Al livello delle poetiche della
rappresentazione, fino agli inizi del ventesimo secolo, il Tibet “was seen as
an absence on the map” (p. 36): colpiva l’immaginazione occidentale il suo
isolamento, son oscillazioni tra “extremely pejorative (‘feudal hell’)” e “unmitigately
idealistic (‘Shangri-la’)” (p. 38). I testi analizzati comprendono Lost
Horizons di Hilton; l’antiutopico resoconto di Younghusband; i cenni di
Kipling al lamaismo; i testi di David-Neel. Sia in positivo che in negativo,
Anand pare ritenere che si tratti di una sovrapposizione di valori occidentali
alla cultura tibetana. Nota come la spiritualità e la religione siano motivo spesso
prevalenti.
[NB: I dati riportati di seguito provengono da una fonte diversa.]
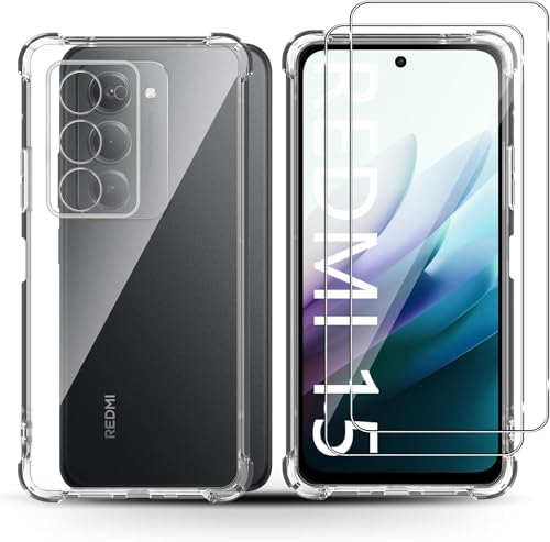15 Şeffaf Kılıf – Darbe Emici Köşeli Koruma, 1 Adet Telefon Kılıfı + 2 Adet Temperli Cam, Şeffaf Çizilmez Koruyucu Kılıf

Assegna un posto ambiguo al libro di Harrer Seven Years in Tibet,
del 1956, seguito dal film di Annaud del 1996, che “played a crucial role in
highlighting Tibet in the Western popular imagination” (p. 64), evidenziandone
l’esistenza concreta e insistendo sulla coincidenza identitaria con la figura
del Dalai Lama.
L’interazione col pubblico globale
del governo in esilio tibetano ha creato modalità identitarie, da parte dei
tibetani, basate sulle rappresentazioni e gli approcci occidentali, soprattutto
rilanciando la cultura tradizionale, il pacifismo, la forzosa modernizzazione
portata avanti dalla Cina e, appunto, la figura del Dalai Lama come cemento
ideologico.
[Roberto Bertoni]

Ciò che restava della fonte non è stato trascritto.